Agricultural technology changed more dramatically in the 1700s than at any time since the introduction of draft animals millennia before. Mechanized planting and threshing made farms more efficient, threw workers off the farm, and altered the very shape of the countryside. Scientific approaches were applied to agriculture, and books helped spread new ideas and approaches. At the end of the century, cotton became a force for change: Whitney's gin made cotton profitable for the first time in the American South and helped support the continuation of slavery. Off the farm cotton mills led the way in industrialization. Farm mechanization made food supplies more stable and more plentiful, supporting a surge in population and leading to unprecedented growth in cities.

Background

In the eighteenth century, the world witnessed a revolution in agriculture led by three inventions—the seed drill, the threshing machine, and the cotton gin. Complementing these new tools were new ideas, set forth in books. The agricultural revolution paved the way for the Industrial Revolution, both by showing how the new ideas of science could be put to practical use and by freeing the manpower needed for factories.

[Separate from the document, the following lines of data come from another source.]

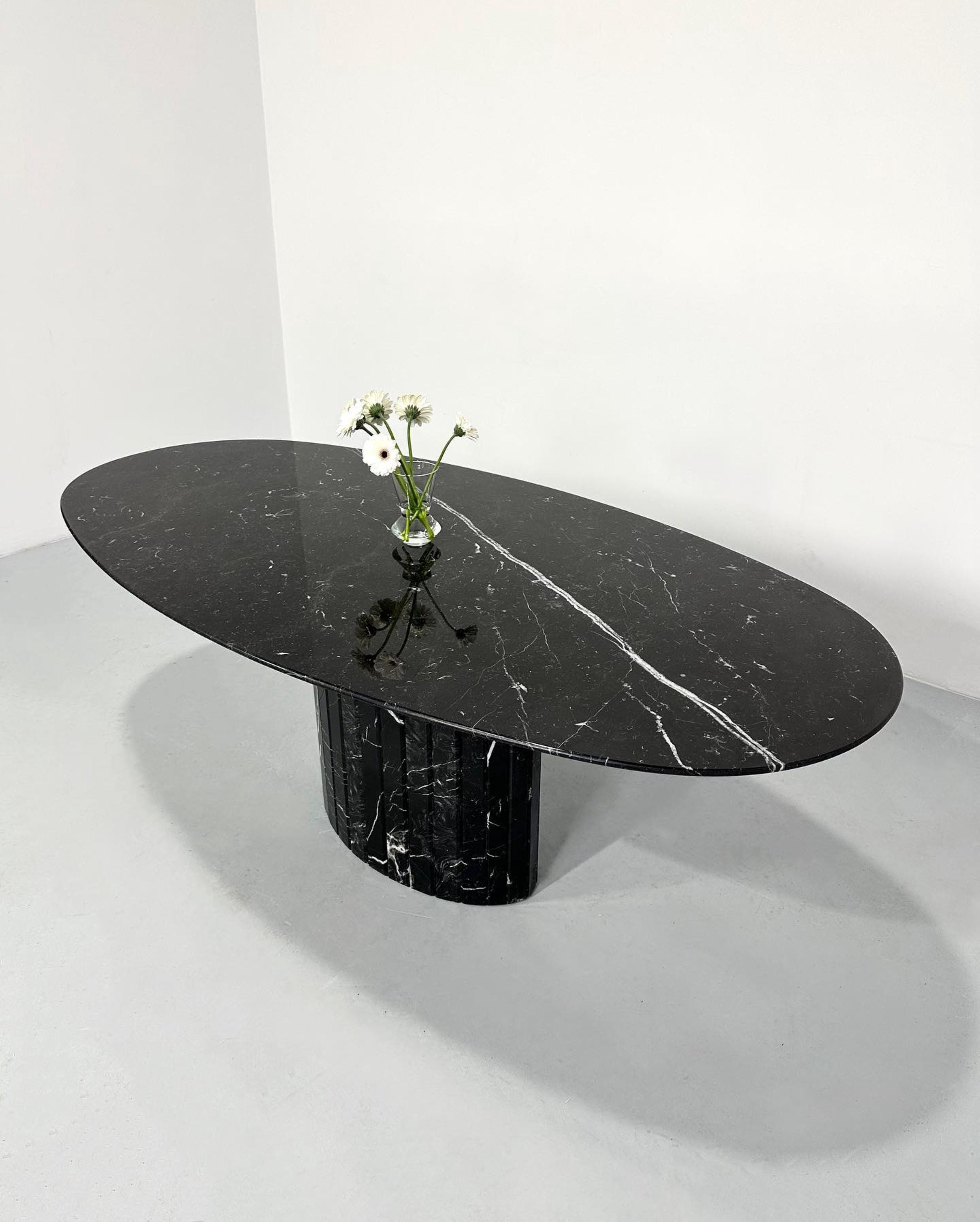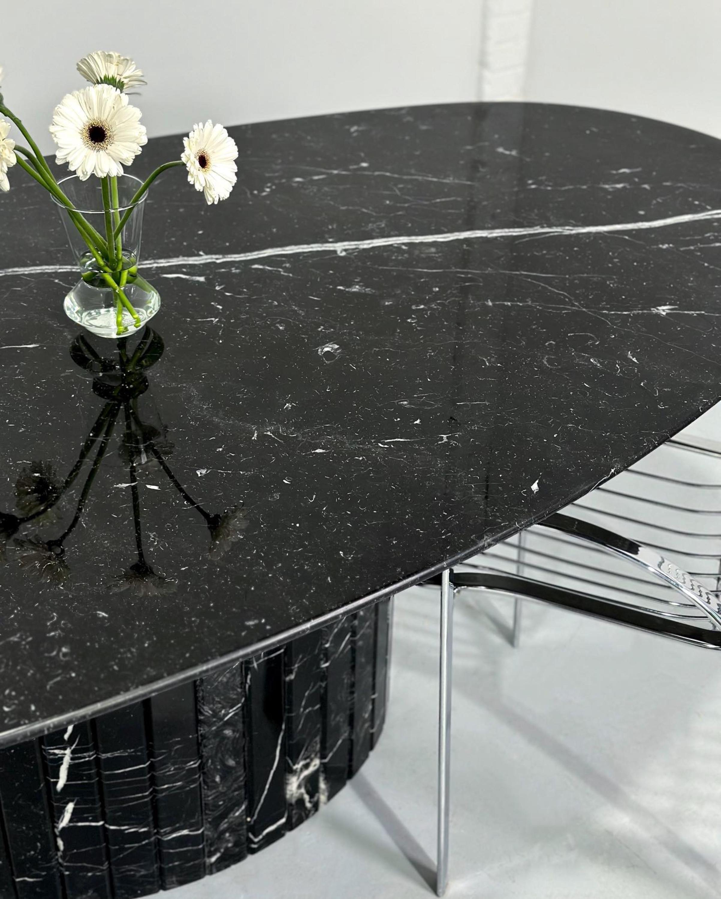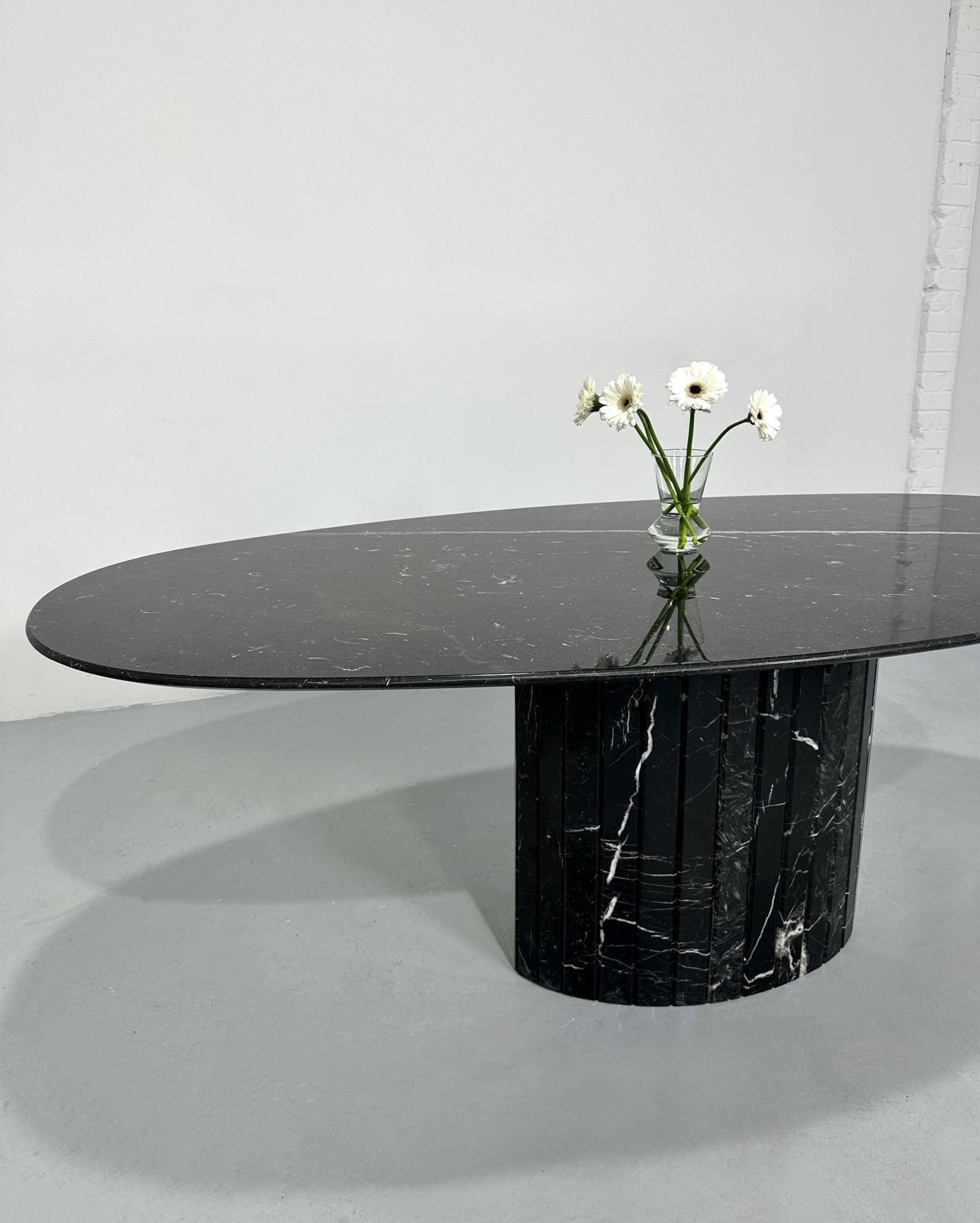 Elevate your interior with this handcrafted Nero Marquina marble table, a masterpiece of modern luxury. Featuring a sleek oval tabletop with striking white natural veining, this design exudes sophistication and balance. The solid fluted marble base adds architectural character and stability, creating a sculptural centerpiece that blends art with function.
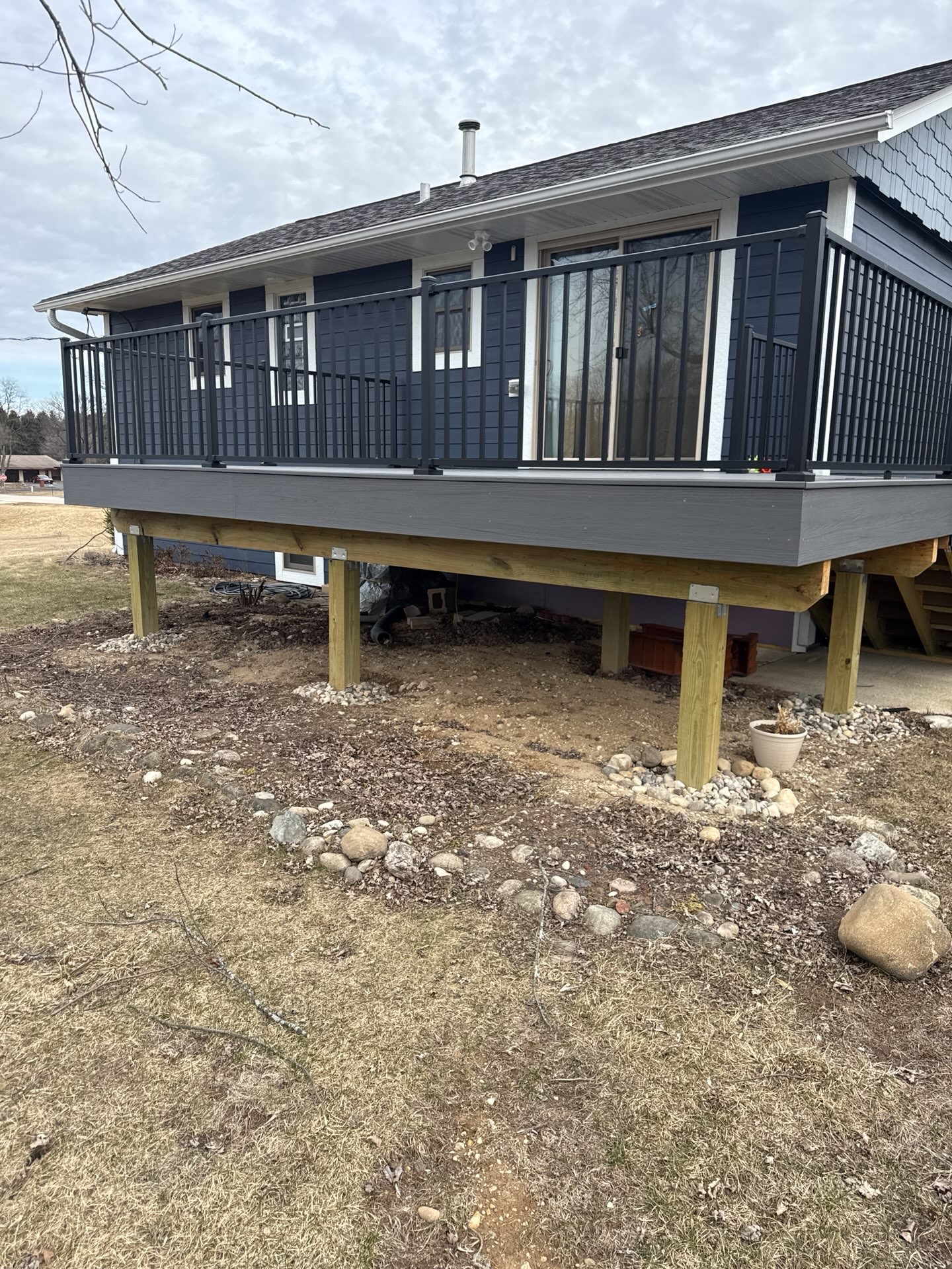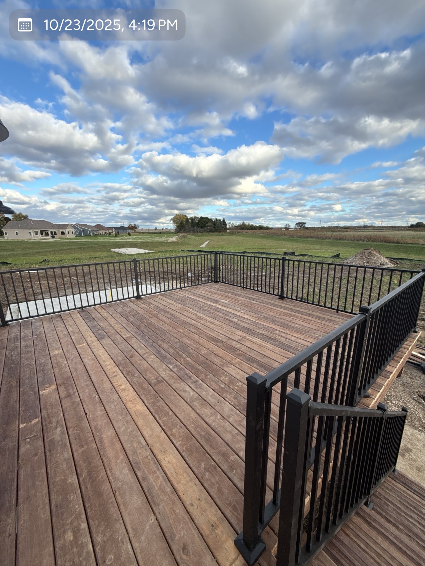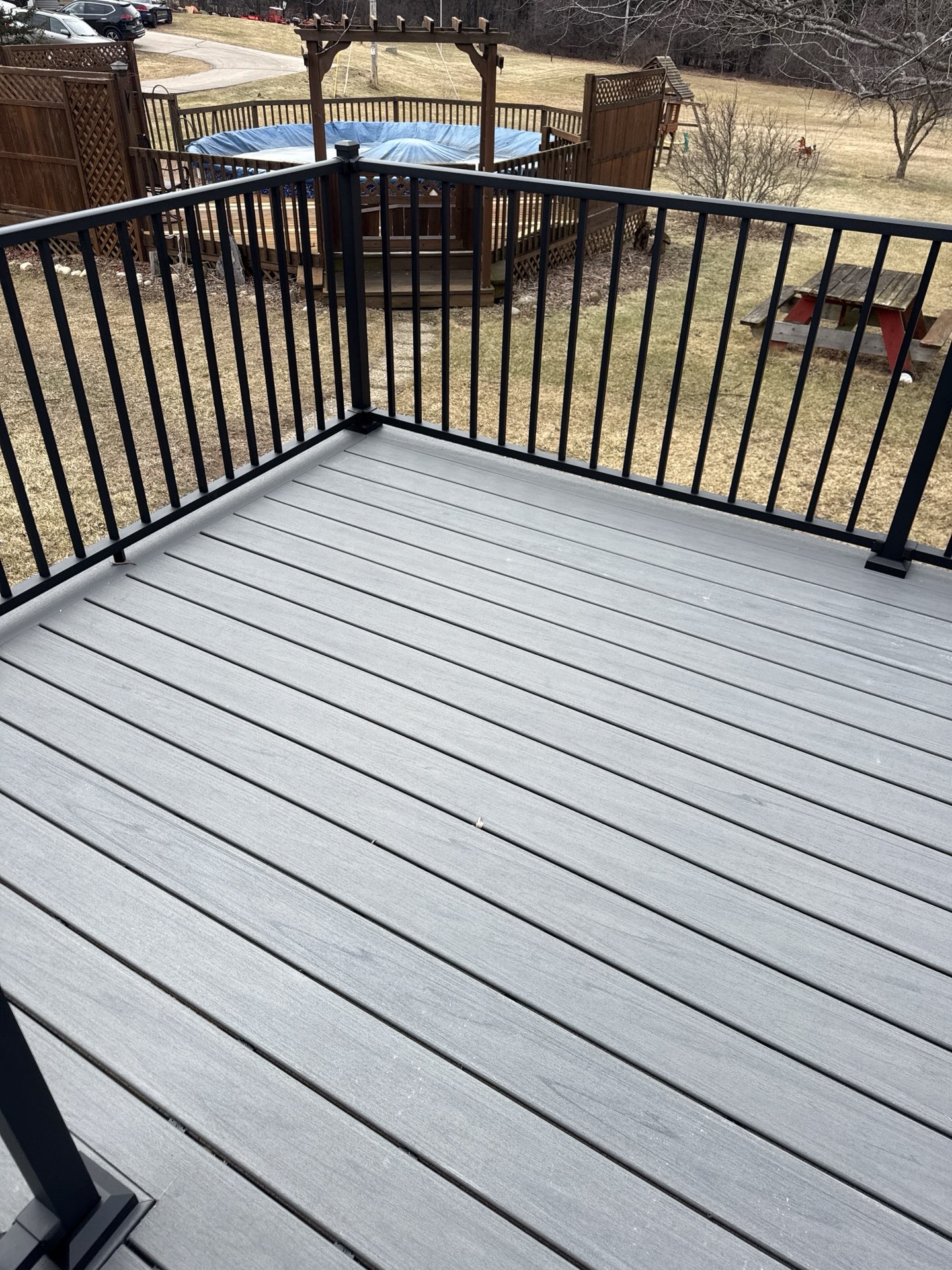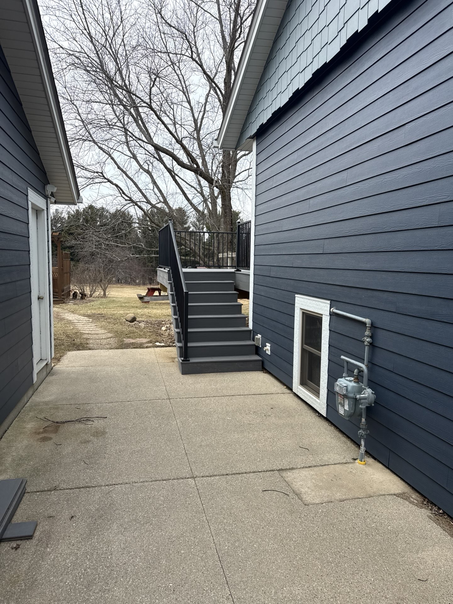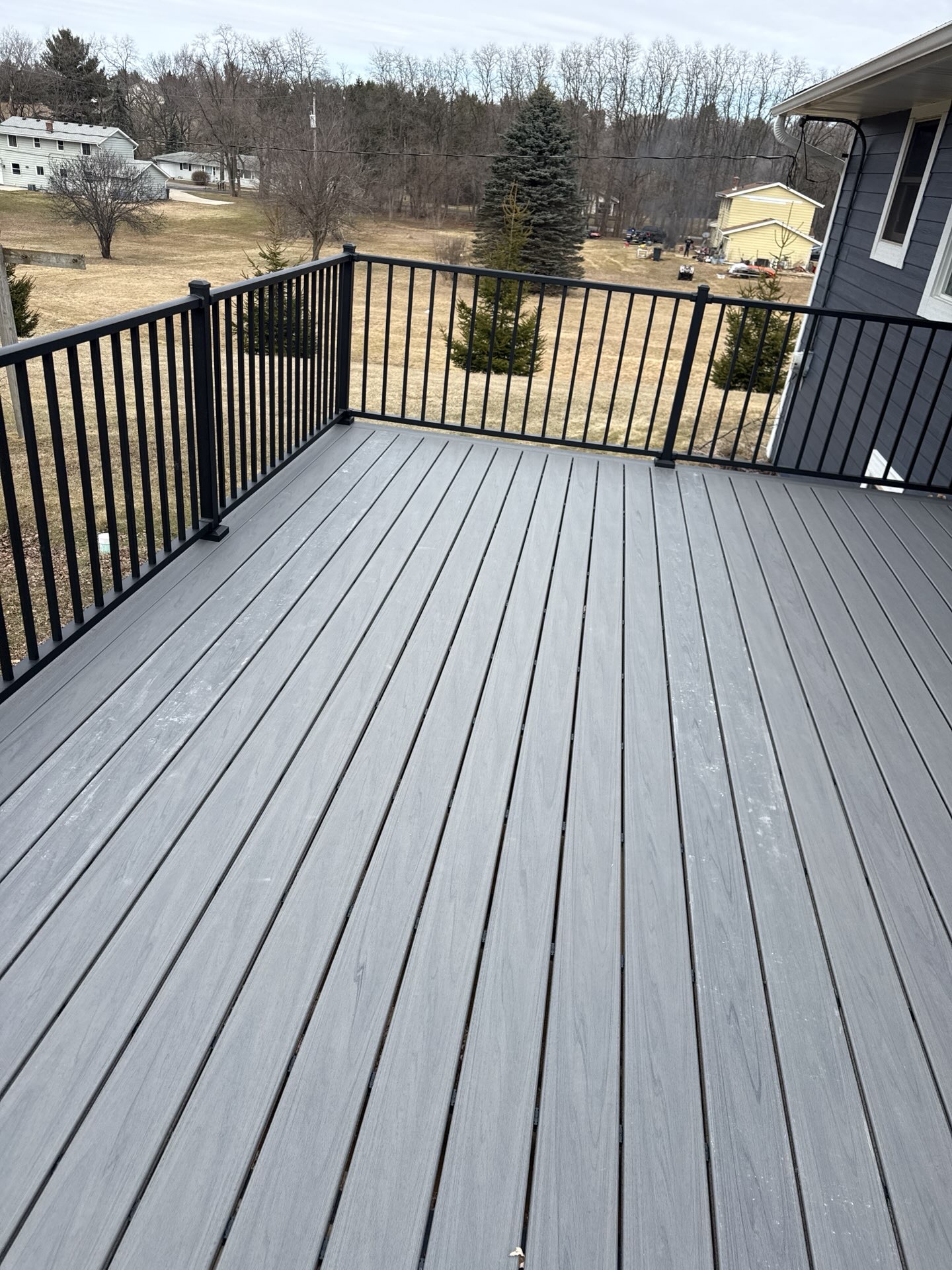 New Cedar Tone Deck with Aluminum railings. Concrete patio
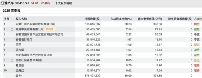 截至2025年三季度末,葛卫东亲属王萍新进成为江淮汽车的第五大股东,持股数量为2350.17万股;葛贵莲增持至1661.62万股,占总股本的0.76%。
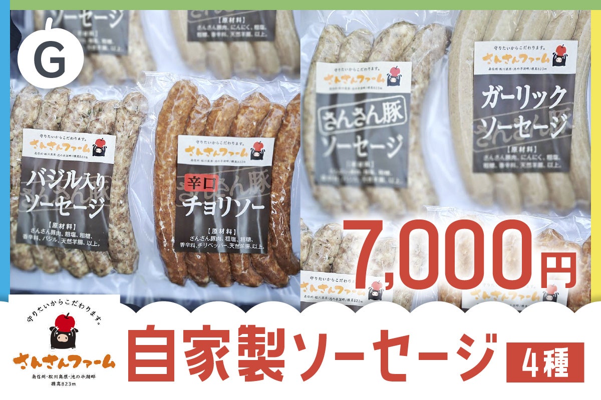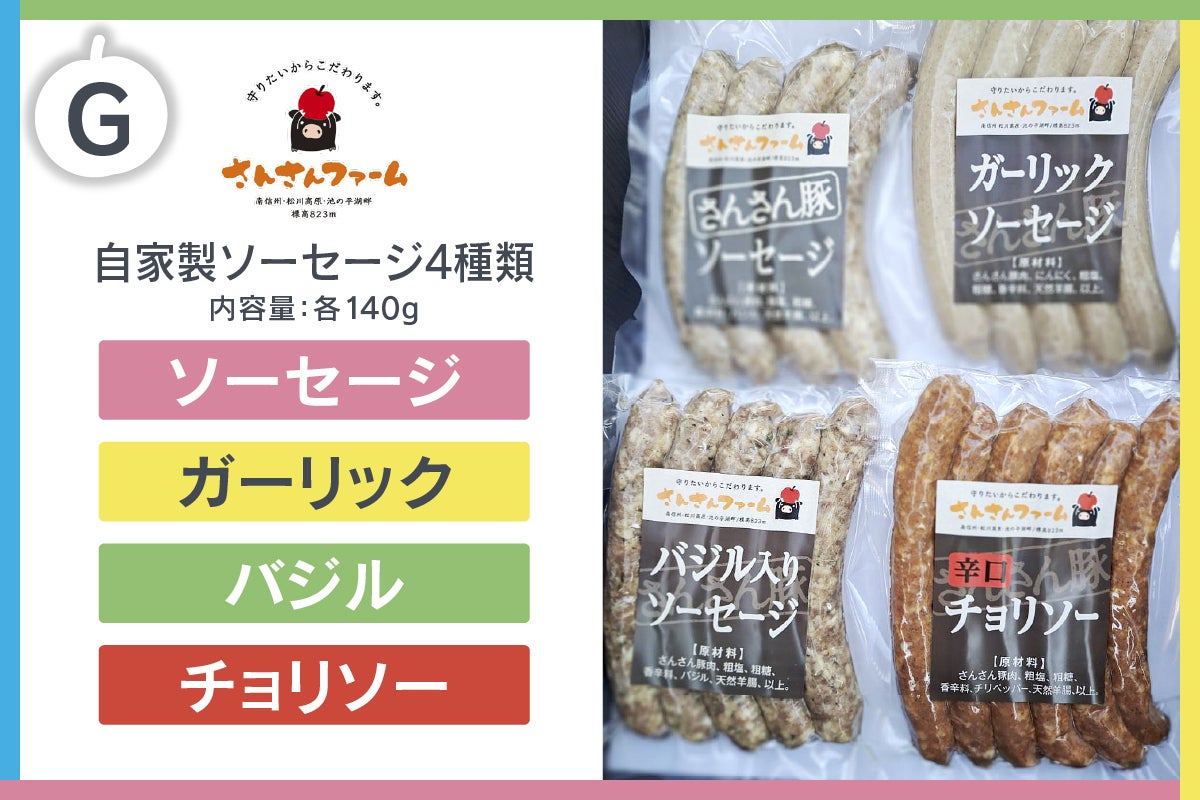 自家製ソーセージはさんさんファームで育った豚を使用し、りんごのチップでスモークしてあります。
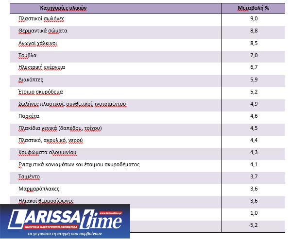 Ειδικότερα, ο Γενικός Δείκτης Τιμών Υλικών Κατασκευής Νέων Κτηρίων Κατοικιών τον Φεβρουάριο 2025, σε σύγκριση με τον αντίστοιχο δείκτη του Φεβρουαρίου 2024 παρουσίασε αύξηση 4,0%, έναντι αύξησης 5,9% που σημειώθηκε κατά τη σύγκριση των αντίστοιχων δεικτών του έτους 2024 με το 2023.
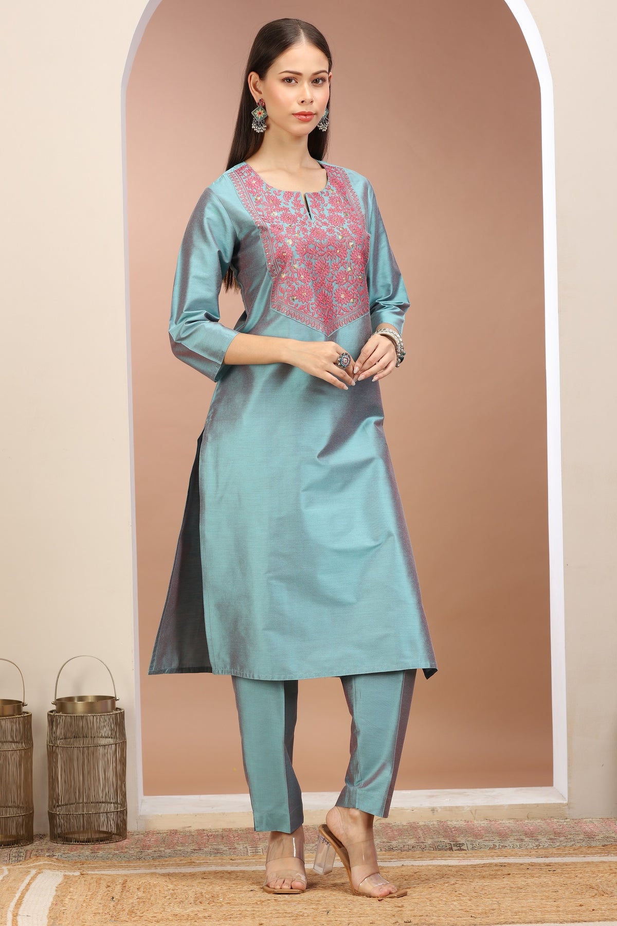 Turquoise PolySilk Embroidered Straight Kurta Pant Co ord Set

Dramatic changes in agriculture were already in progress when the eighteenth century began. In 1700, 80% of the population was engaged in agriculture throughout most of western Europe. But this wasn't true for the Low Countries (the Netherlands, Luxembourg and Belgium). Pressed by the highest population density in Europe, these countries had made huge strides in farming efficiency by moving from the medieval practice of open-field farming to a field enclosure system. In addition to making agriculture more efficient, enclosure allowed landowners to raise sheep for the burgeoning wool trade.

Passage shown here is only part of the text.